Δ: Some scratches, tears, and whitening are observed.
X: Scratches, tears, and whitening are observed on the entire surface.

  The results are shown in Tables 1 to 3.

Table 1 shows the following.
It turned out that Examples 1-8 containing the polyurethane resin and acrylic resin whose total density | concentration of a urethane group and a urea group are 5 mass% or more and less than 15 mass% have high adhesiveness. When Examples 1 to 8 were compared, Examples 2 to 8 in which the total concentration of urethane groups and urea groups was 10% by mass or more and less than 15% by mass showed high storage stability.
On the other hand, Comparative Examples 1 and 2 had poor adhesion because the total concentration of urethane groups and urea groups in the polyurethane resin emulsion was 15% by mass or more.

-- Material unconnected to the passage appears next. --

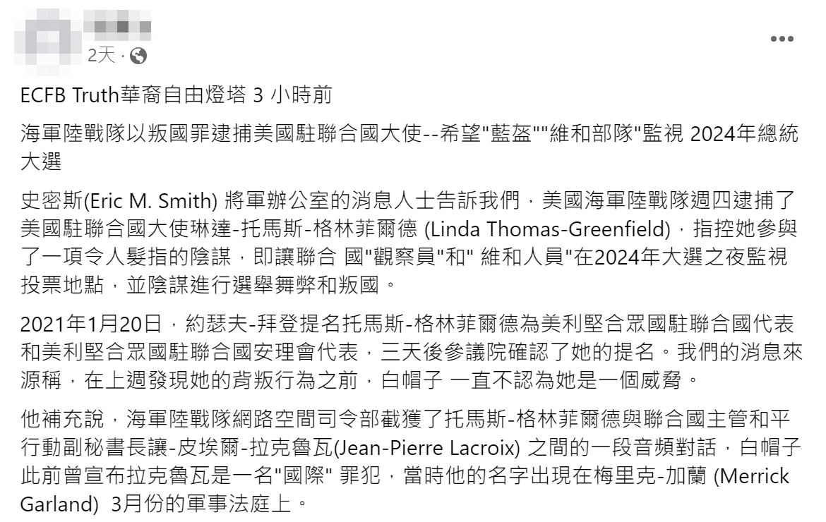 網傳「海軍陸戰隊以叛國罪逮捕美國駐聯合國大使」的訊息,內容聲稱美國海軍陸戰隊近期以叛國罪逮捕美國駐聯合國大使琳達湯瑪斯 - 格林菲爾德(Linda Thomas-Greenfield),因為她企圖讓聯合國觀察員及維和部隊監控 2024 年美國總統大選投票。經查證,網傳訊息出自 Real Raw News 上的文章,該網站以發布假新聞及陰謀論著稱。網傳文章於 2024 年 6 月 17 日發布,格林菲爾德在 6 月 25 日仍於聯合國發表多次談話,個人社群帳號也有持續更新近況,沒有證據顯示她遭到逮捕,網傳訊息為捏造內容,並非事實。

Table 2 shows the following.
Comparing Examples 9 to 12, it was found that Examples 10 and 12 using hydrogenated MDI as isocyanate showed high chemical resistance. Moreover, Example 9 and 10 whose polyurethane resin is 60-90 mass% can be compatible with adhesiveness and high chemical resistance with respect to the solid content of a polyurethane resin, and the total solid content of an acrylic resin 100 mass%. I understood.
On the other hand, Comparative Examples 3 and 4 had poor adhesion because the emulsion composition did not contain an acrylic resin emulsion.

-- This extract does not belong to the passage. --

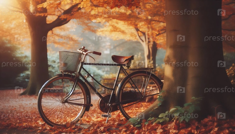 Ретро-велосипед с кожаным седлом в парке, Ai generated image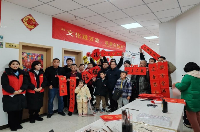 ▲旅游文化学院柏佳新在谷立村做“赏年画、写春联、过大年”文明实践活动志愿者工作

  From Table 3, in Examples 13 to 20, even though the plastic film was an untreated polyester film, a coating film having excellent adhesion was obtained.

Claims (8)

An emulsion composition for plastic film coating comprising a polyurethane resin emulsion and an acrylic resin emulsion,
The polyurethane resin is
(A) a structure derived from a polycarbonate polyol, (b) a structure derived from an acidic group-containing polyol, (c) a structure derived from a polyisocyanate compound,
Have
The emulsion composition, wherein the total concentration of urethane groups and urea groups in the polyurethane resin is 5% by mass or more and less than 15% by mass.   The emulsion composition according to claim 1, wherein the total concentration of urethane groups and urea groups in the polyurethane resin is 10% by mass or more and less than 15% by mass.   (C) The emulsion composition of Claim 1 or 2 in which a polyisocyanate compound contains hydrogenated MDI and / or isophorone diisocyanate.   The solid content of the polyurethane resin is 60 to 90% by mass when the total solid content of the polyurethane resin and the acrylic resin is 100% by mass. An emulsion composition as described.   The coating material containing the emulsion composition as described in any one of Claims 1-4.   Hardened | cured material formed by hardening | curing the emulsion composition as described in any one of Claims 1-4.   The laminated body which coat | covered the emulsion composition as described in any one of Claims 1-4 on the plastic film.   The laminate according to claim 7, wherein the plastic is a polyester resin.